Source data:

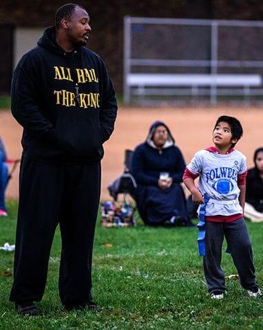 Volunteer Flag Football Coach Talking with Young Player
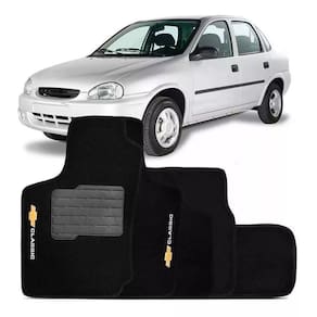 Tapete automotivo Corsa Classic 2005 forração Detalhes do Produto Jogo de Tapete Carpete somente forração Preto com Grafia Logo Bordado Impermeável 5 Peças O Jogo de Tapete Carpete produzido pela Scar Acessorios possui um design perfeito para o interior do veiculo, ele possui coloração preta, grafia bordada com a logo do veículo e acabamento lateral bordado em Este jogo é composto por 1 peça de alta qualidade, sendo as peças do passageiro e do motoristas dotadas na parte traseira para garantir a fixação deles. Para garantir a segurança o motorista contará com uma peça que possui pisante em PVC, o que evita escorregões. Cor Disponível: Preto Especificação Técnica: Fabricado em Polipropileno Carpete em Poliéster Grafia Igual da Montadora Somente forração, linha econômica, sem base pvc Pisante em PVC no Tapete do Motorista Proteção Anti Chamas Tapete Impermeável e Lavável Bordado Lateral Fixação dos Tapetes do Motorista e Passageiro com tiras aderentes Encaixe Sob Medida Jogo com 5 Peças Importante: de 3 Meses. Valor do Jogo. Não nos responsabilizamos pelo mau uso do produto. Marca: Não Informado
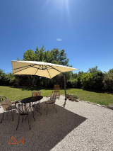 À l’extérieur, le terrain arboré de près d'un hectare avec son ancien puits, soigneusement entretenu, garantit intimité et sérénité. Une piscine 10x5, une terrasse de 20 m² et plusieurs espaces invitent à la détente, dans un environnement sans vis-à-vis.
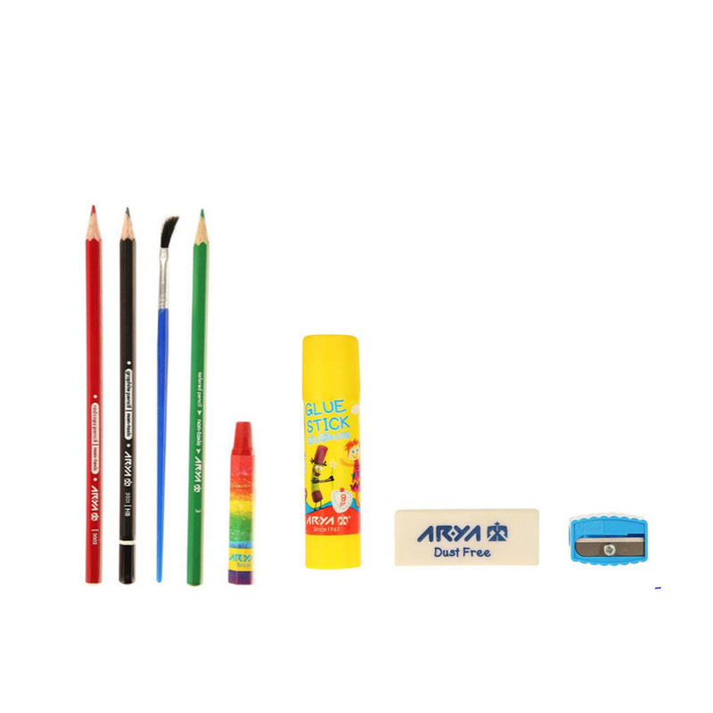 | محتویات بسته | مداد , پاک کن , تراش , ماژیک , کیف , چسب |
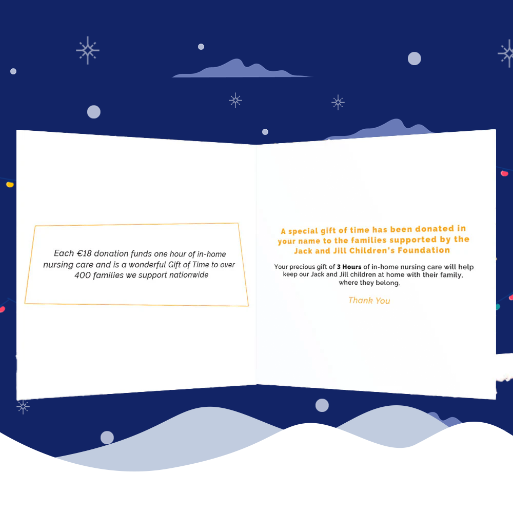 Jack and Jill’s mission is to empower families to care for their child at home, by funding and delivering nursing, respite and advocacy. Each €18 donation funds one hour of in- home nursing care and is a real ‘Gift of Time’ to the 400+ families supported by Jack and Jill, right around the country.
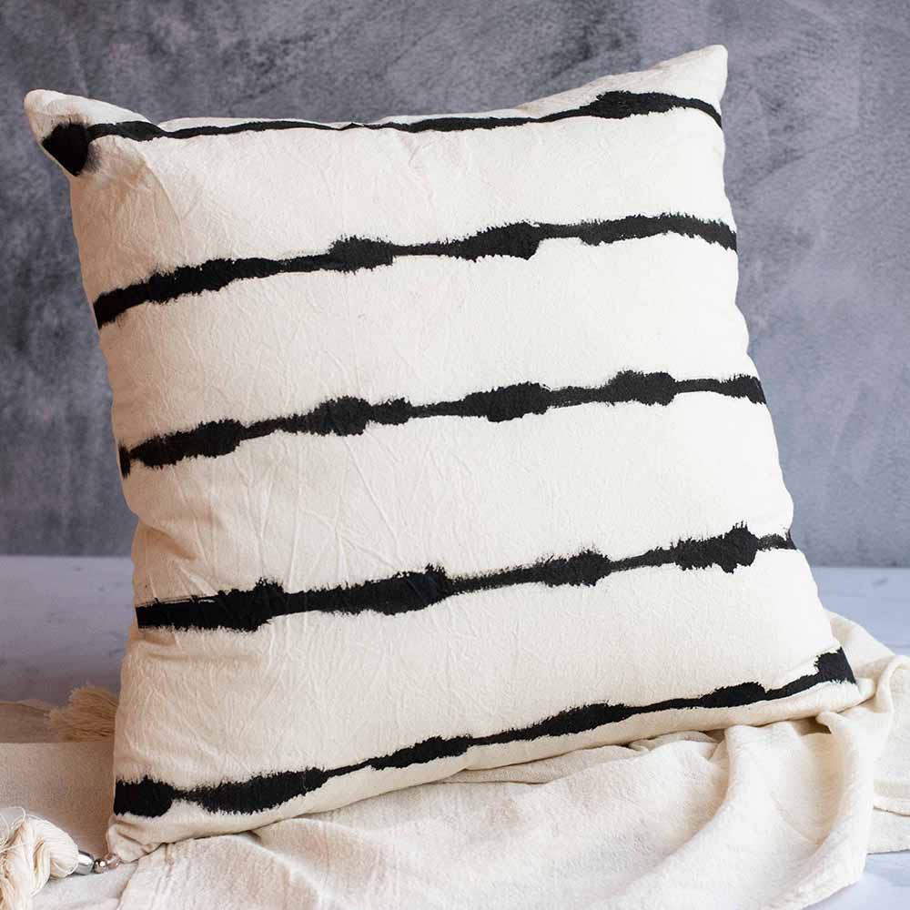Almohadón de tussor natural con rayas irregulares negras de 50x50cm.
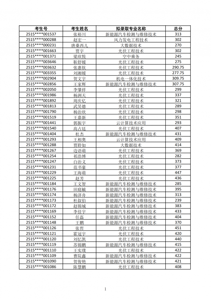 附件:內蒙古能源職業學院2025年第二次單獨招生考試擬錄取名單
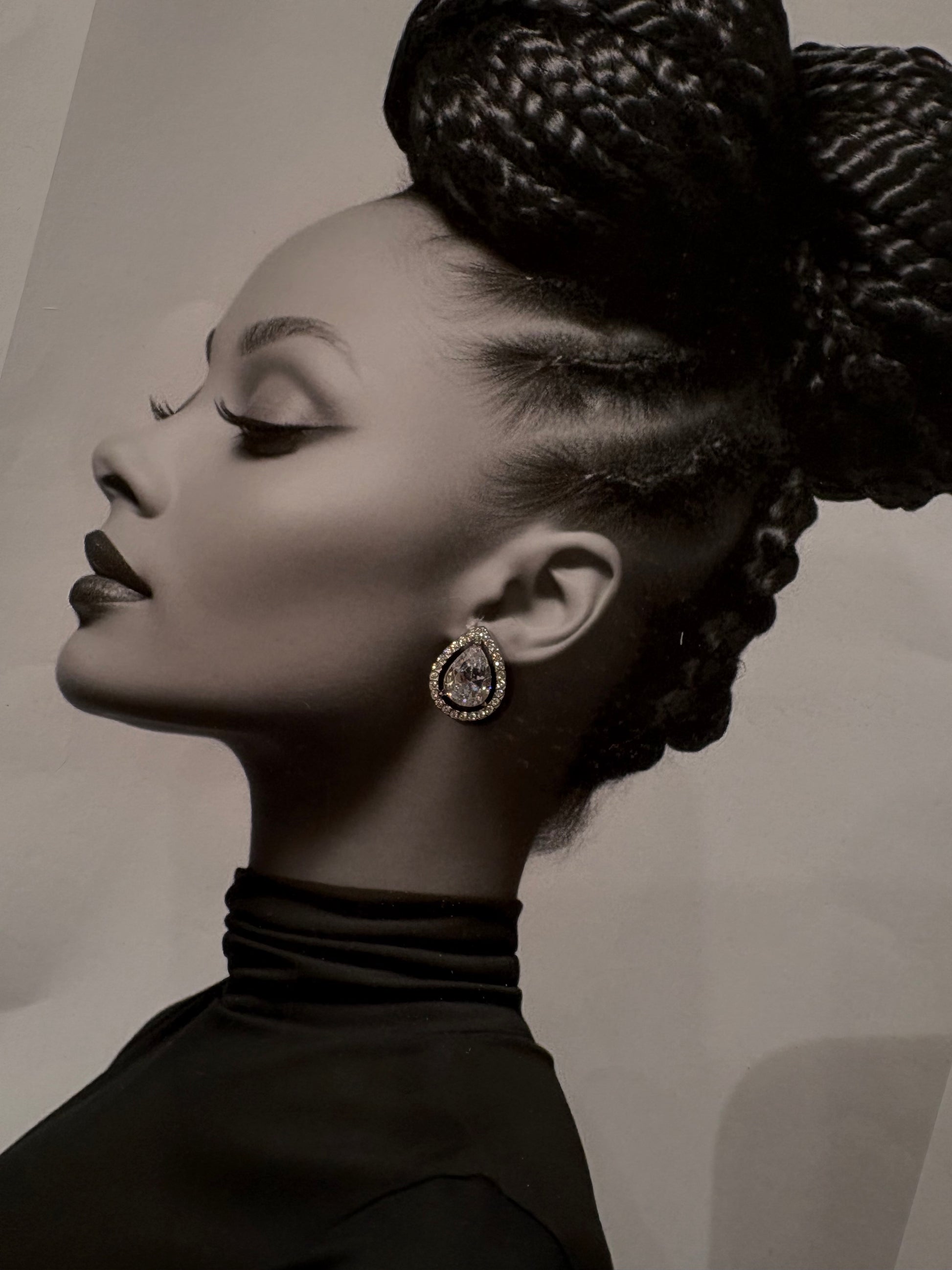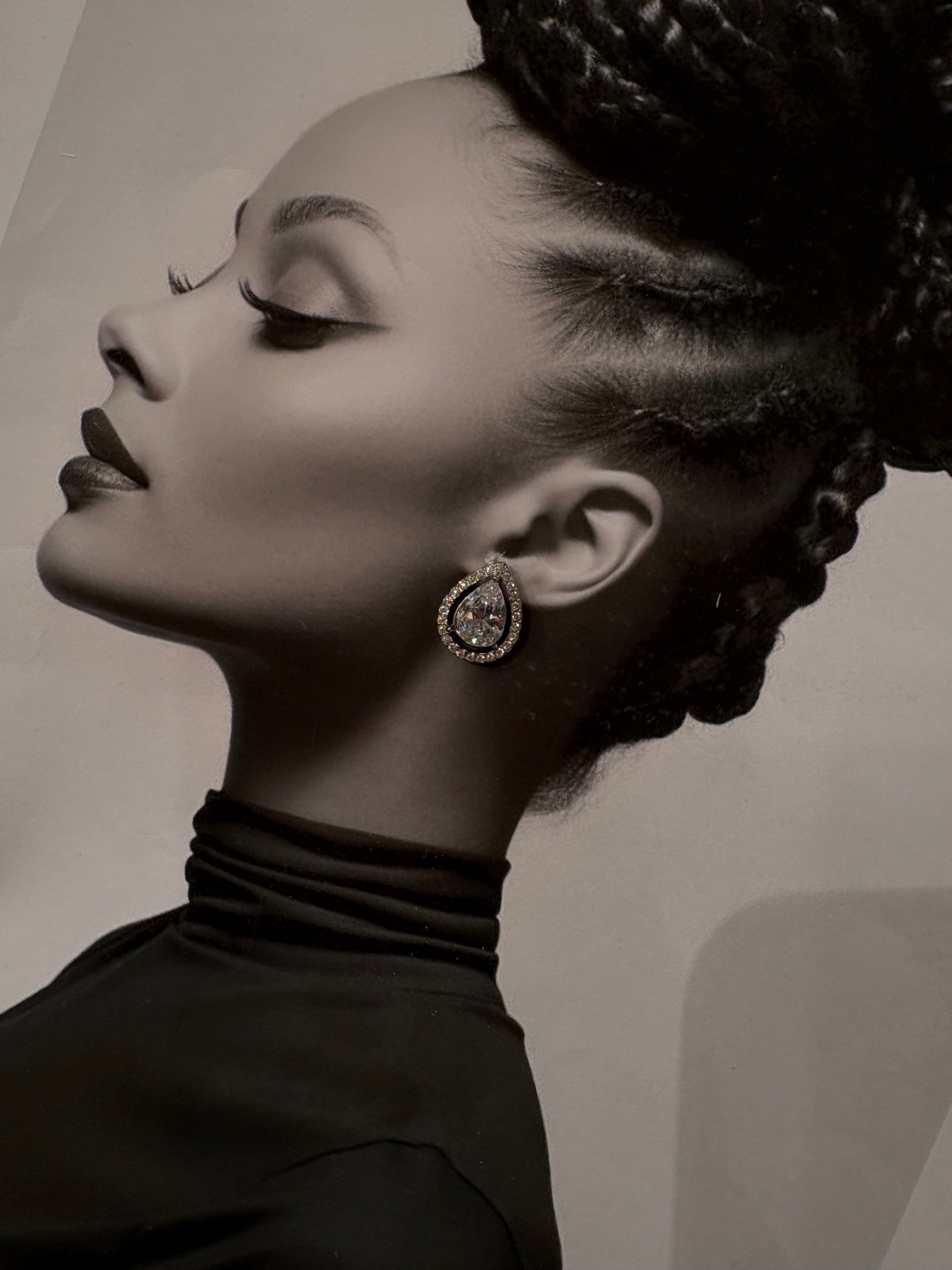 Ένα πολυτελές σκουλαρίκι σε δακρυόσχημο σχεδιασμό, με λαμπερή κεντρική πέτρα και περιμετρική σειρά από κρυστάλλους που φωτίζουν το πρόσωπο με κάθε κίνηση.

◆ EXERCISE AIM:
Give the records again exactly as they stand, so that only the pictures are missing.

◆ OUTPUT FOR THIS TASK:
 Volunteer Flag Football Coach Talking with Young Player
 Tapete automotivo Corsa Classic 2005 forração Detalhes do Produto Jogo de Tapete Carpete somente forração Preto com Grafia Logo Bordado Impermeável 5 Peças O Jogo de Tapete Carpete produzido pela Scar Acessorios possui um design perfeito para o interior do veiculo, ele possui coloração preta, grafia bordada com a logo do veículo e acabamento lateral bordado em Este jogo é composto por 1 peça de alta qualidade, sendo as peças do passageiro e do motoristas dotadas na parte traseira para garantir a fixação deles. Para garantir a segurança o motorista contará com uma peça que possui pisante em PVC, o que evita escorregões. Cor Disponível: Preto Especificação Técnica: Fabricado em Polipropileno Carpete em Poliéster Grafia Igual da Montadora Somente forração, linha econômica, sem base pvc Pisante em PVC no Tapete do Motorista Proteção Anti Chamas Tapete Impermeável e Lavável Bordado Lateral Fixação dos Tapetes do Motorista e Passageiro com tiras aderentes Encaixe Sob Medida Jogo com 5 Peças Importante: de 3 Meses. Valor do Jogo. Não nos responsabilizamos pelo mau uso do produto. Marca: Não Informado
 À l’extérieur, le terrain arboré de près d'un hectare avec son ancien puits, soigneusement entretenu, garantit intimité et sérénité. Une piscine 10x5, une terrasse de 20 m² et plusieurs espaces invitent à la détente, dans un environnement sans vis-à-vis.
 | محتویات بسته | مداد , پاک کن , تراش , ماژیک , کیف , چسب |
 Jack and Jill’s mission is to empower families to care for their child at home, by funding and delivering nursing, respite and advocacy. Each €18 donation funds one hour of in- home nursing care and is a real ‘Gift of Time’ to the 400+ families supported by Jack and Jill, right around the country.
Almohadón de tussor natural con rayas irregulares negras de 50x50cm.
 附件:內蒙古能源職業學院2025年第二次單獨招生考試擬錄取名單
 Ένα πολυτελές σκουλαρίκι σε δακρυόσχημο σχεδιασμό, με λαμπερή κεντρική πέτρα και περιμετρική σειρά από κρυστάλλους που φωτίζουν το πρόσωπο με κάθε κίνηση.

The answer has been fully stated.